The difference in coefficients is .2539 vs. .1532, or 39.7%.
Change in y-standardized coefficients
Note: Not yet implemented in R.
We can compute the y-standardized coefficients in Stata using the add-on command \(\mathtt{listcoef}\). We run into a slight problem, however, as listcoef only reports results to 3 decimal places. However, results from \(\mathtt{listcoef}\)’s calculations are stored after the command is run in a matrix called \(\mathtt{r(table)}\), and so we can use that to get the four significant digits we have been using in our earlier calculations.
. quietly logit middleupper educ [pweight=wtssall]
. listcoef, std
note: pweights not compatible with summarize; weights treated as aweights.
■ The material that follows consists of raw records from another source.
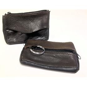Brown Leather Coin Purse with Key Ring: Office Products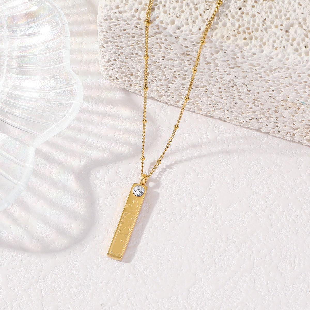 Simple Titanium Steel Pendant Necklace with Cubic Lettering, Long Women's Necklace with Diamonds, Stainless Steel Three-Dimensional Stick Jewelry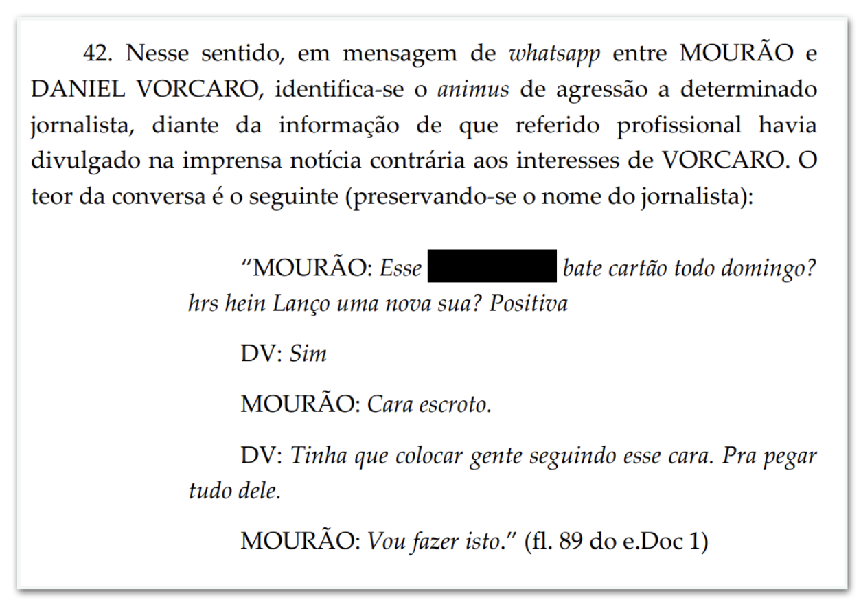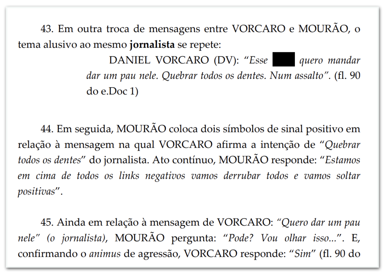 - monitoramento de jornalista: “Tinha que colocar gente seguindo esse cara. Pra pegar tudo dele.”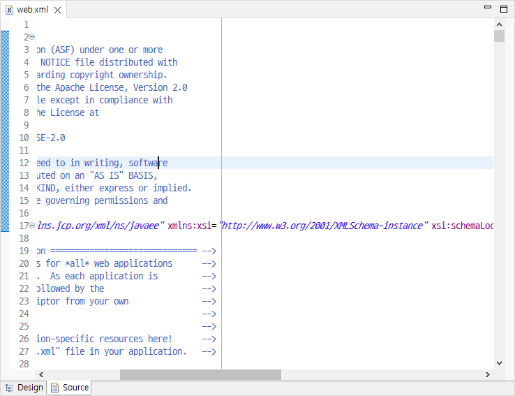 이클립스에서 web.xml을 편집하다가 자동 줄바꿈 설정이 되어 있지 않아서 보기에 불편함을 느꼈습니다. 편집기에서 자동 줄바꿈 설정이 있을 것으로 검색해봤는데 의외의 곳에 숨겨져 있었습니다.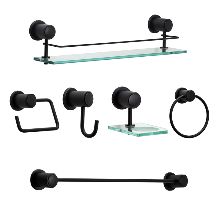Kit Acessórios Suportes Banheiro Lavabo 6 Peças Preto Luxo Além do seu design moderno, atributos técnicos indispensáveis para a sua utilização. Elegante e extremamente resistente, garante confiança e segurança. Acabamento exclusivo preto de alta resistência à corrosão, conservando a beleza do produto por muito mais tempo Linha Baronesa C40 Black - Porta shampoo; Papeleira; Cabide; Saboneteira; Porta toalha argola e barra Informações adicionais Utilização: Banheiro, lavatório, lavabo – Parede Pintura eletrostática com acabamento preto fosco Sistema de dupla fixação com furos oblongos Especificações técnicas Material: Liga de aço Inox com cobre e ABS Vidro temperado incolor Medidas: 13cm Altura x 03cm Largura x 11cm Comprimento (Gancho Cabideiro) 17cm Altura x 16cm Largura x 5,5cm Comprimento (Porta Toalha Argola) 6cm Altura x 07cm Largura x 54cm Comprimento (Porta Toalha Barra) 11cm Altura x 15cm Largura x 09cm Comprimento x (Porta Papel Higiênico) 12cm Altura x 10cm Largura x 14,5cm Comprimento (Saboneteira) 08cm Altura x 50cm Largura x 10cm Comprimento (Porta Shampoo) Peso: 250g (Gancho Cabideiro), 260g (Porta Toalha Argola), 620g (Porta Toalha Barra), 360g (Porta Papel Higiênico), 410g (Saboneteira). Conteúdo da embalagem: Produtos mencionados do kit e componentes de instalação (buchas e parafusos)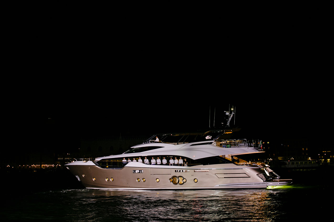 The performance’s final act, the last image projected on the screen, announced the arrival of the MCY 96, which shortly after appeared upon the Canal Grande, the highlight of a magical evening rich in surprises and Venetian allure.

logit (N=22267): Unstandardized and standardized estimates
Observed SD: 0.4993
Latent SD: 1.9426
-------------------------------------------------------------------------------
| b z P>|z| bStdX bStdY bStdXY SDofX
-------------+-----------------------------------------------------------------
educ | 0.2336 34.515 0.000 0.696 0.120 0.358 2.979
constant | -3.3000 -34.574 0.000 . . . .
-------------------------------------------------------------------------------
. mat list r(table)
r(table)[2,7]
b z P>|z| bStdX bStdY bStdXY SDofX
educ .23357486 34.514975 4.78e-261 .69571051 .1202353 .35812484 2.9785334
constant -3.2999562 -34.573959 6.22e-262 . . . .
. quietly logit middleupper educ inc2010 [pweight=wtssall]
. listcoef, std
note: pweights not compatible with summarize; weights treated as aweights.
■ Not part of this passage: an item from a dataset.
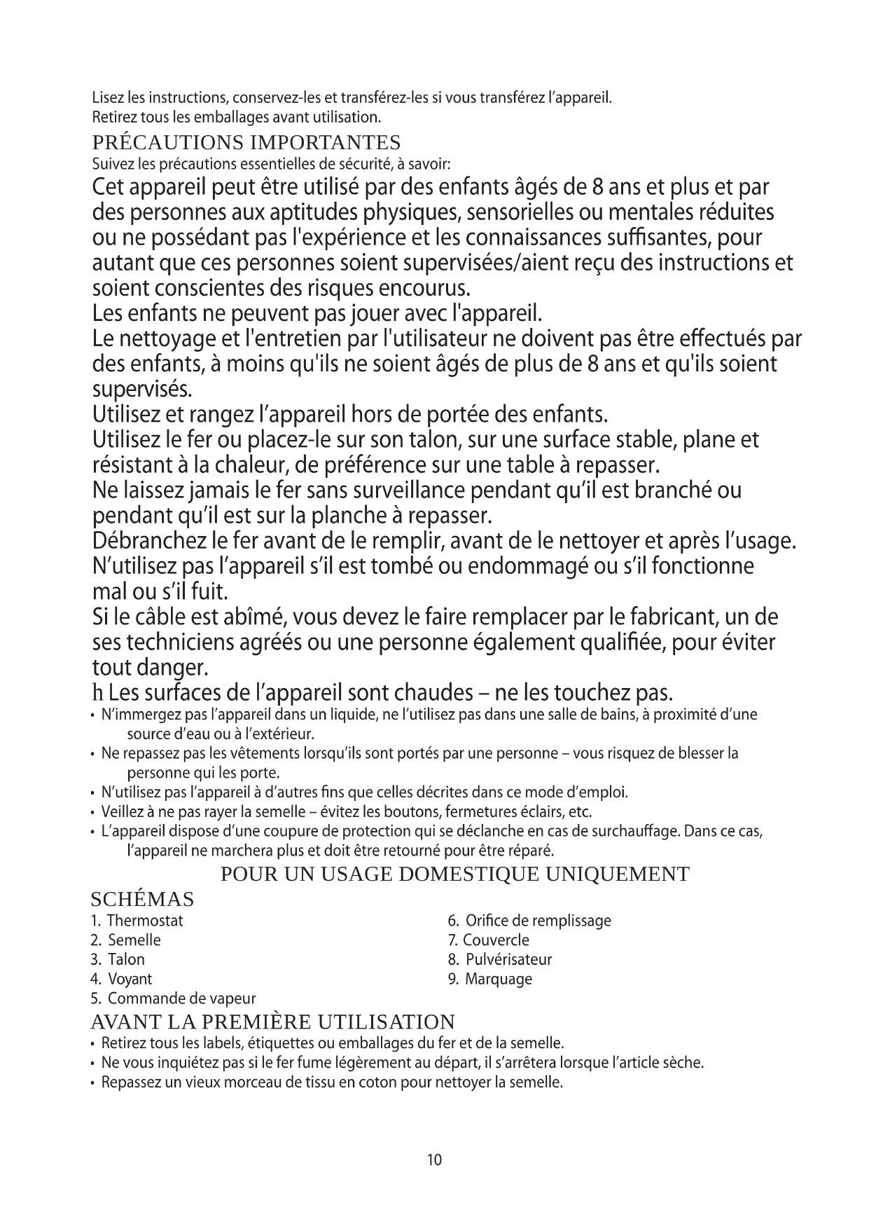 Suivez les précautions essentielles de sécurité, à savoir: Cet appareil peut être utilisé par des enfants âgés de 8 ans et plus et par des personnes aux aptitudes physiques, sensorielles ou mentales réduites ou ne possédant pas l'expérience et les connaissances suffisantes, pour autant que ces personnes soient supervisées/aient reçu des instructions et soient conscientes des risques encourus. Les enfants ne peuvent pas jouer avec l'appareil. Le nettoyage et l'entretien par l'utilisateur ne doivent pas être effectués par des enfants, à moins qu'ils ne soient âgés de plus de 8 ans et qu'ils soient supervisés. Utilisez et rangez l’appareil hors de portée des enfants. Utilisez le fer ou placez-le sur son talon, sur une surface stable, plane et résistant à la chaleur, de préférence sur une table à repasser. Ne laissez jamais le fer sans surveillance pendant qu’il est branché ou pendant qu’il est sur la planche à repasser. Débranchez le fer avant de le remplir, avant de le nettoyer et après l’usage. N’utilisez pas l’appareil s’il est tombé ou endommagé ou s’il fonctionne mal ou s’il fuit. Si le câble est abîmé, vous devez le faire remplacer par le fabricant, un de ses techniciens agréés ou une personne également qualifiée, pour éviter tout danger. h Les surfaces de l’appareil sont chaudes – ne les touchez pas.

logit (N=22267): Unstandardized and standardized estimates
Observed SD: 0.4993
Latent SD: 2.1031
-------------------------------------------------------------------------------
| b z P>|z| bStdX bStdY bStdXY SDofX
-------------+-----------------------------------------------------------------
educ | 0.1532 21.539 0.000 0.456 0.073 0.217 2.979
inc2010 | 0.0112 26.868 0.000 0.807 0.005 0.384 72.049
constant | -2.9879 -31.422 0.000 . . . .
-------------------------------------------------------------------------------
. mat list r(table)
r(table)[3,7]
b z P>|z| bStdX bStdY bStdXY SDofX
educ .15317255 21.539081 6.70e-103 .45622954 .0728329 .21693522 2.9785334
inc2010 .01119957 26.868427 5.14e-159 .80691507 .00532535 .3836847 72.04877
constant -2.9878963 -31.422282 1.00e-216 . . . .
The \(\texttt{listcoef}\) output would lead us to calculate a change of .120 vs. .078, which is 35.0%. But, using the expanded precision from looking at more decimal places we get a difference of .12024 vs. .07283, or 39.4%.